A notification pops up – my fertility clinic’s annual reminder email. “Thinking about growing your family? We now offer…” I minimize it without reading, watching instead as the ticket site’s countdown timer informs me I have seven minutes to complete the transaction before my seats are released. Seven minutes to decide whether I’m still the kind of person who flies to foreign countries for music that makes my bones vibrate.

On the bookshelf, our wedding photo smiles at me from 2012. We look like different people – his hair darker, my face rounder, both of us radiating the particular confidence of those who assume parenthood will come easily.
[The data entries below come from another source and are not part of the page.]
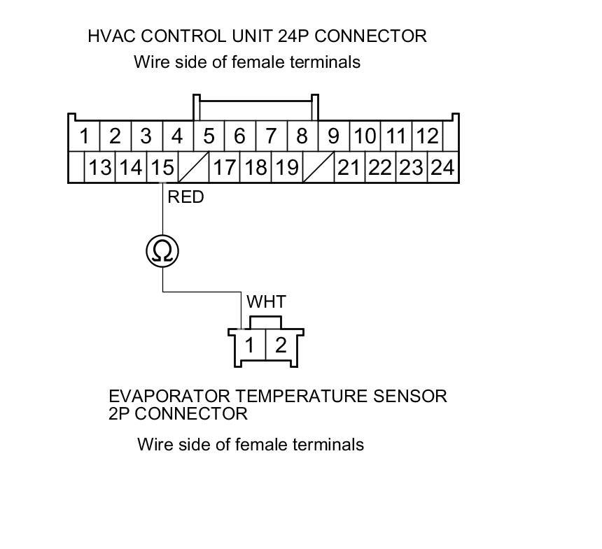 12. Check for continuity between HVAC control unit connector terminal No. 15 and evaporator temperature sensor 2P connector terminal No. 1.
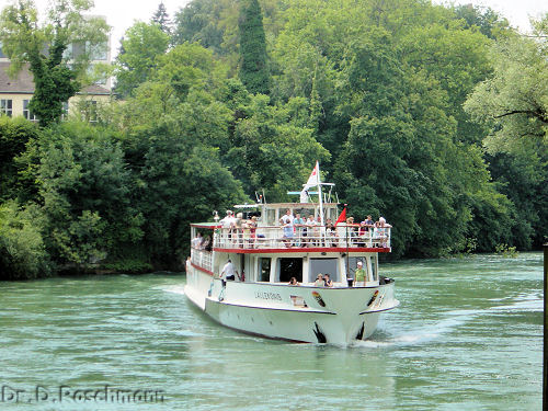 Nahe dem deutschen Ufer dann rheinabwärts bis zur ‚deutschen Grenzstadt Rheinfelden’, wo wir wieder den Strom überqueren, um von der ‚schweizerischen Grenzstadt Rheinfelden’ dann mit der ‚MS Lällekönig’ der Basler Personenschiffahrt rheinabwärts bis Basel zu fahren. Vor der Einschiffung aber noch ein ausgedehnter Stadtbummel, bei welchem das mittelalterliche Stadtbild so richtig genossen wird.
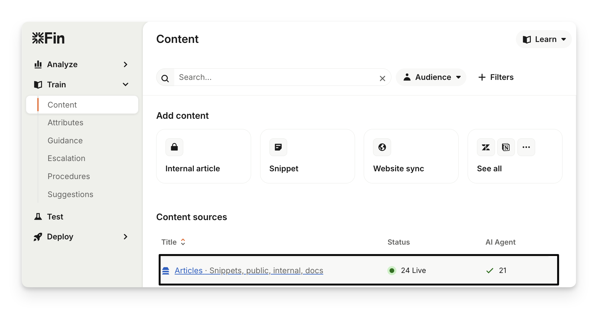 Then go to Train > Content and click on Articles (Snippets, public articles, internal, docs) under the "Content sources" section, then open the snippet.
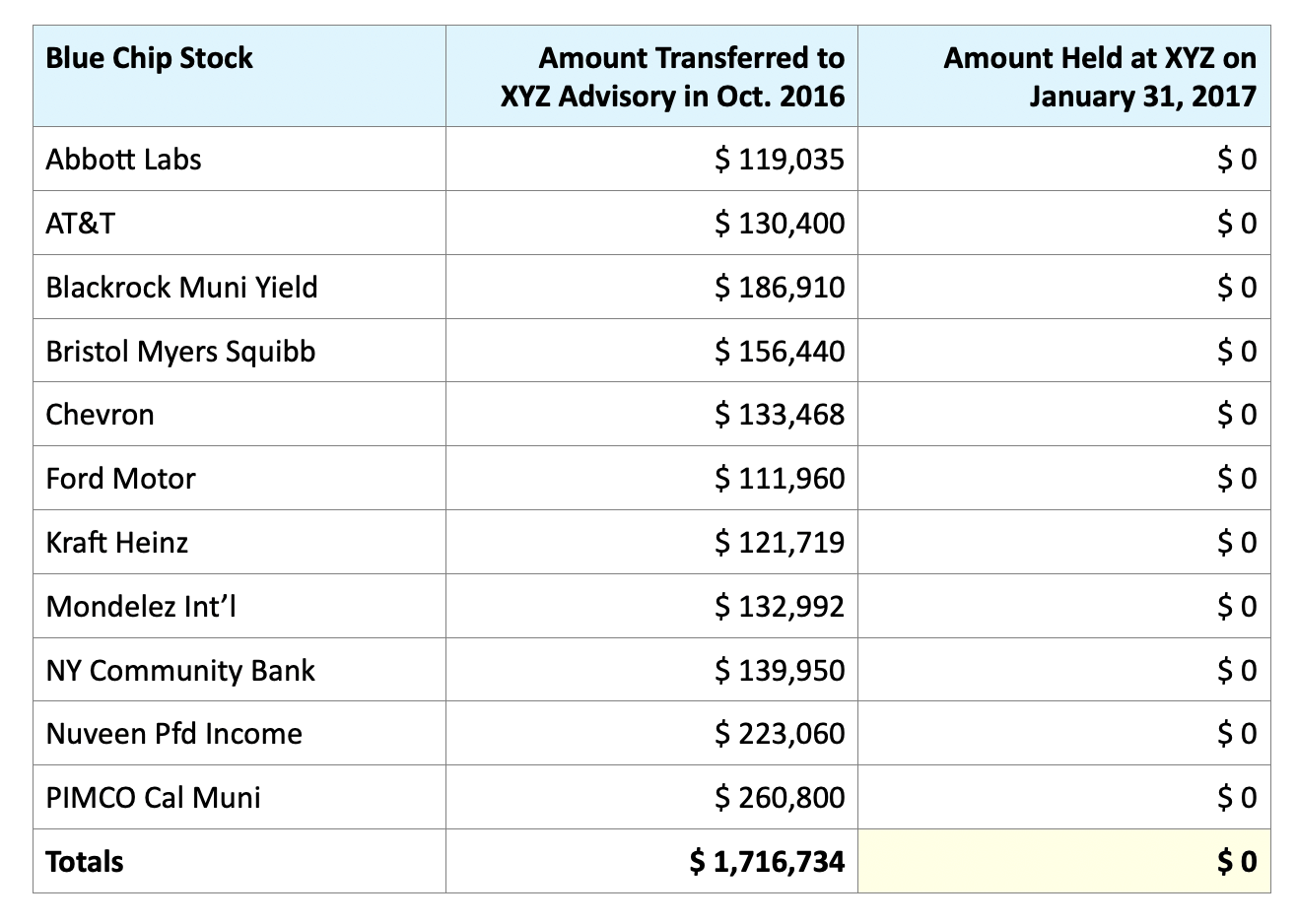 XYZ Wealth Management’s Late-2016 Demolition of Mrs. Sohn’s Blue-Chip Portfolio

The photo next to it shows us last summer at a beach in Croatia, our laughter lines deeper but our eyes brighter than I remember them being during those years of temperature charts and hormone injections.

The stereo reaches Rez’s first breakdown, the bassline dropping like a stone in water. My finger twitches. Somewhere in Lisbon, two men in their late sixties are probably sleeping soundly, unaware they’ve become the unlikely soundtrack to a midlife crossroads. The timer drops to four minutes.

I think about the practicalities: requesting time off work, digging out my passport, whether my lower back can handle four hours of standing. Then I think about the alternative – another ordinary Thursday night watching cooking shows while scrolling through friends’ baby photos. The cursor moves toward the button as the track’s arpeggiated synths begin their relentless climb.

Three minutes. The refrigerator hums. The applause sample loops again. Somewhere in the world, a child who might have been mine turns five years old today. The cursor clicks.